Das Kernforschungszentrum CERN bei Genf in der Schweiz erforscht seit Jahrzehnten erfolgreich die faszinierende Mikrowelt der Atome. Vor 50 Jahren gab es höchst konkrete Pläne, einen größeren Teilchenbeschleuniger in Göpfritz an der Wild im Waldviertel zu errichten.

1969 ritterten 13 europäischen Länder um den Zuschlag für das damals hunderte Millionen Schilling schwere internationale Wissenschaftsprojekt eines Teilchenbeschleunigers mit mindestens 2,4 Kilometer Durchmesser. Das 1957 gegründete CERN war zu klein geworden. Ab 1964 wurden – zunächst streng geheim – umfangreiche Bohrungen bei Göpfritz (Bezirk Zwettl) durchgeführt. Vizebürgermeister Werner Scheidl (ÖVP) führt uns zu einem Bohrloch aus den 1960er-Jahren – tief im Wald, der sogenannten Wild. Es ist mit einem gusseisernen Deckel, ähnlich einem Kanaldeckel, verschlossen.

„Wir stehen hier vor dem größten Bohrloch. Hier geht es 46 Meter in die Tiefe und von dort aus wurde ein Stollen mit ungefähr 100 Metern Länge errichtet“, erzählt Werner Scheidl. Insgesamt wurden mehr als 80 Bohrungen durchgeführt, teilweise in der Form von Kernbohrungen, die bis zu 1.100 Meter tief in das Erdreich eindrangen.

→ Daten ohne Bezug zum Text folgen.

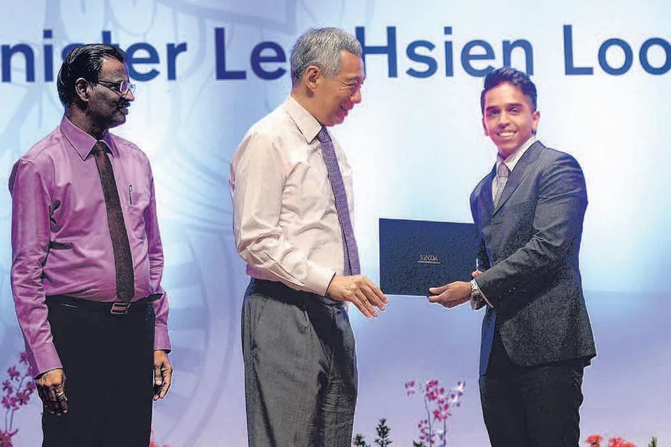சிறப்பு விருந்தினராக வருகையளித்த பிரதமர் லீ சியன் லூங்கிடமிருந்து தேசியப் பல்கலைக்கழக சட்டத் துறை பட்டதாரியான ஹைரூல் ஹக்கீம் சிண்டாவின் உன்னத விருதைப் பெறுகிறார். தலைமைச் சட்ட அதிகாரி அலுவலகத்தில் அரசு வழக்கறிஞராகப் பணிபுரியும் ஹக்கீம் மூன்றாவது முறையாக சிண்டா உன்னத விருது பெறுகிறார். படம்: ஸ்ட்ரெய்ட்ஸ் டைம்ஸ்
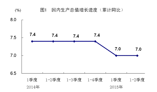 2014年各季度及2015年一、二季度GDP环比增速分别为1.6%、1.9%、1.9%、1.5%、1.4%、1.7%。
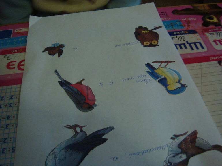 Для начала показала картинки птиц и спросила кто это. Лиза узнала только сороку и гулю. С помощью подсказки первого слова назвала еще воробья, синичку, ворону. Выделили обобщающее слово - птицы. С этим проблем нет.
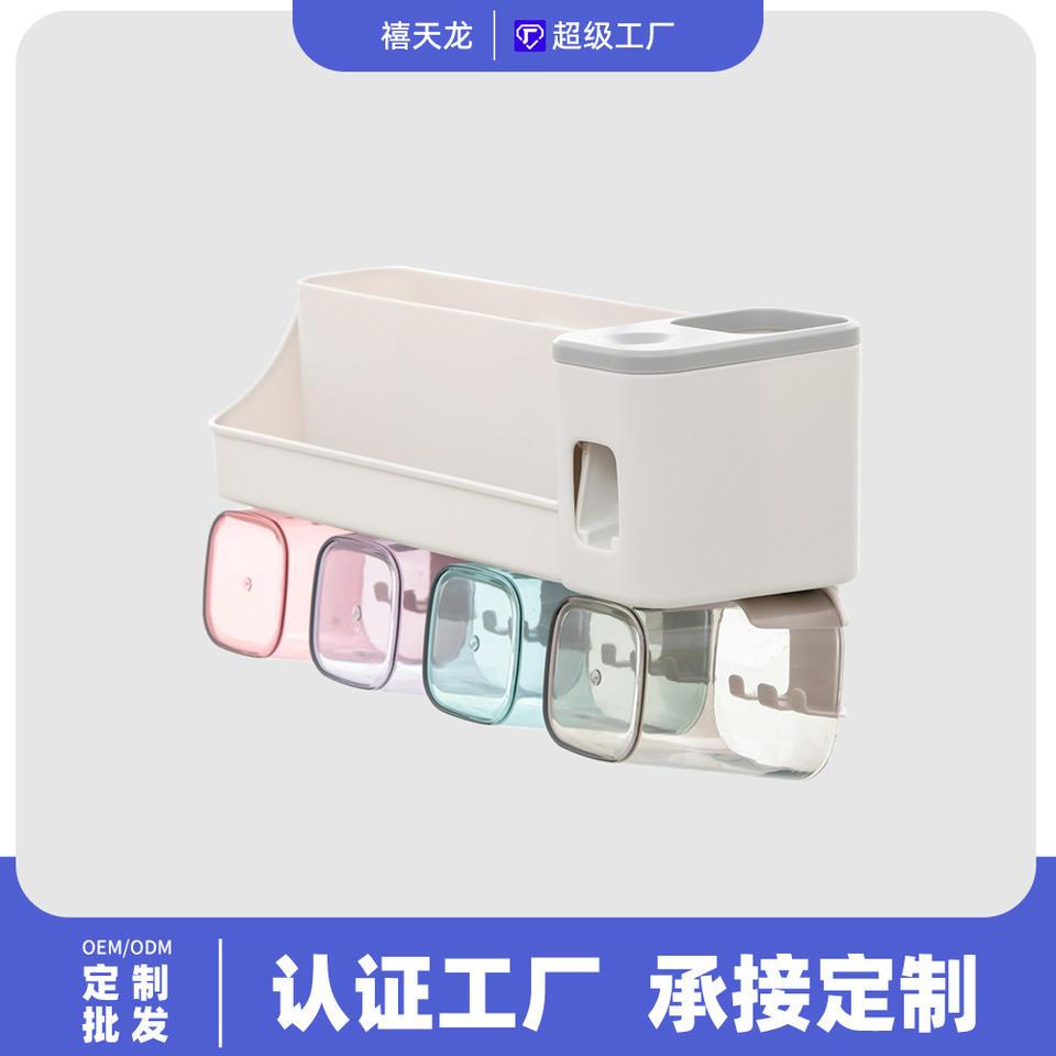Support de brosse à dents Xitianlong avec ventouse, double distributeur de dentifrice, étagère de rangement minimaliste pour salle de bain

Dazu kamen etliche Schächte, um die geologischen Verhältnisse für einen kreisrunden, mehr als 20 Kilometer langen Teilchenbeschleuniger zu erkunden. Das Granitplateau des Waldviertels sowie die dünne Besiedlung ließen die Region als geeignet erscheinen.

Geheimhaltung führte zu Angst

Nachdem die damalige Bundesregierung der Bevölkerung jahrelang verschwiegen hatte, was da gebaut und gebohrt wurde – man befand sich schließlich mitten im Kalten Krieg – blühten die Fantasien und Ängste in der Bevölkerung. Die Älteren fühlten sich an die Vertreibungen erinnert, die damals beim Bau des benachbarten Truppenübungsplatzes Allentsteig über die Bevölkerung hereinbrachen, schildert der Göpfritzer Altbürgermeister Erich Mautner (SPÖ) gegenüber dem ORF Niederösterreich.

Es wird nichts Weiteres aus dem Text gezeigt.